# Lecture 04: Effect Modification and Interaction

[!["Open In Colab"](https://colab.research.google.com/assets/colab-badge.svg)](https://colab.research.google.com/github/<ORG>/<REPO>/blob/main/lectures/L04_Effect_Modification/L04_Effect_Modification_student.ipynb)

## Learning Objectives
1. Distinguish between **effect modification** and **interaction**.
2. Understand **scale-dependence** (heterogeneity on RD vs RR scale).
3. Calculate stratum-specific effects and interpret them.

In [None]:
import pandas as pd
import numpy as np
import matplotlib.pyplot as plt
import seaborn as sns
from phs564_ci.datasets import load_data

# Load data with a potential modifier 'V'
df = load_data("l04_effect_modification.csv")
df.head()

--- 
### 1. Stratum-Specific Risks
We calculate the risk of outcome `Y` by treatment `A` and modifier `V`.

In [None]:
risks = df.groupby(['V', 'A'])['Y'].mean().unstack()
print("Risk Table:")
print(risks)

--- 
### üñºÔ∏è Figure Generation: Risk by Group (Slide 08)
Visualizing the interaction.

In [None]:
plt.figure(figsize=(8, 6))
risks.plot(kind='bar', ax=plt.gca())
plt.title("Risk of Outcome by Treatment and Subgroup V")
plt.ylabel("Risk (Mean of Y)")
plt.xlabel("Subgroup V")
plt.legend(title="Treatment A")
plt.savefig("figures/L04/risk_by_group.png")
plt.show()

--- 
### 2. Calculating Effect Measures by Stratum
Is there effect modification on the RD scale? On the RR scale?

In [None]:
risks['RD'] = risks[1] - risks[0]
risks['RR'] = risks[1] / risks[0]

print("Effect Measures by Stratum:")
print(risks[['RD', 'RR']])

--- 
## üõë Activity 1: Choose scale for 2 questions (Slide 12)
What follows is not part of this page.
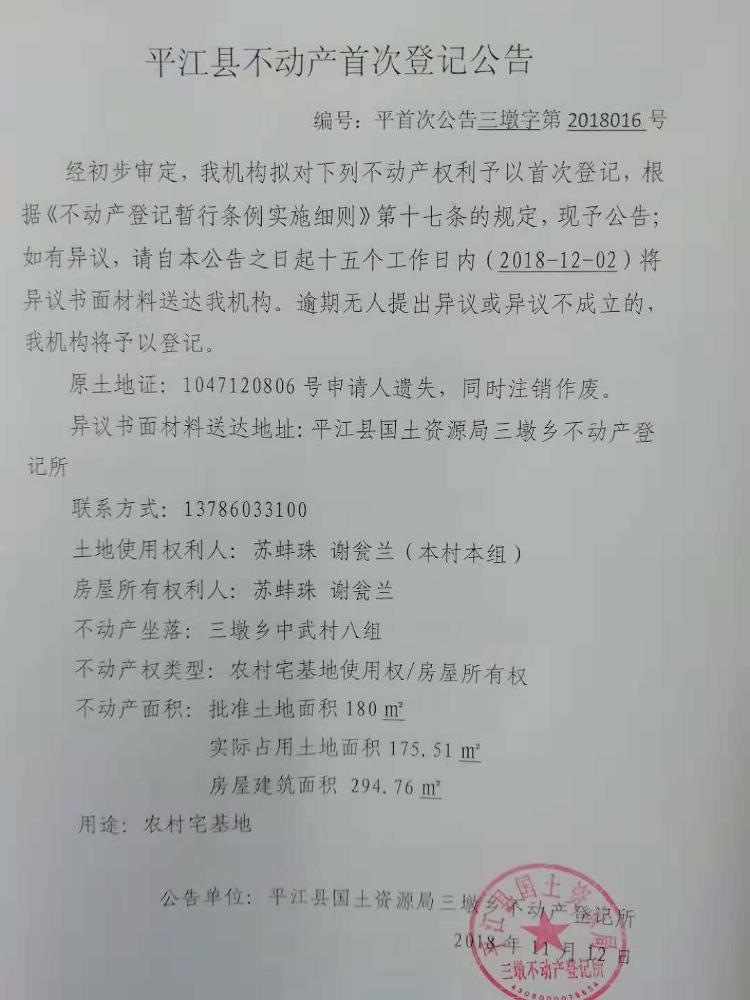 苏蚌珠 谢瓮兰不动产首次登记公告 三墩字第2018016号

**Question 1:** "If we have limited resources, should we prioritize giving this intervention to Group V=0 or Group V=1?"
- Which scale (RD or RR) tells you the 'bang for your buck' in terms of lives saved?

**Question 2:** "Is the drug's biological mechanism of action consistent across groups?"
- Which scale is often used to assess biological consistency?

--- 
### 3. Interaction in Regression
Using a linear model to see the interaction term.

In [None]:
import statsmodels.formula.api as smf

# Model with interaction term A*V
model = smf.ols("Y ~ A * V", data=df).fit()
print(model.summary().tables[1])

**Interpretation:**
- The coefficient for `A:V` is the change in the Risk Difference when moving from $V=0$ to $V=1$.

### 4. Summary
- Effect modification is scale-dependent.
- RD is crucial for public health decisions.
- Regression models use interaction terms to test for heterogeneity.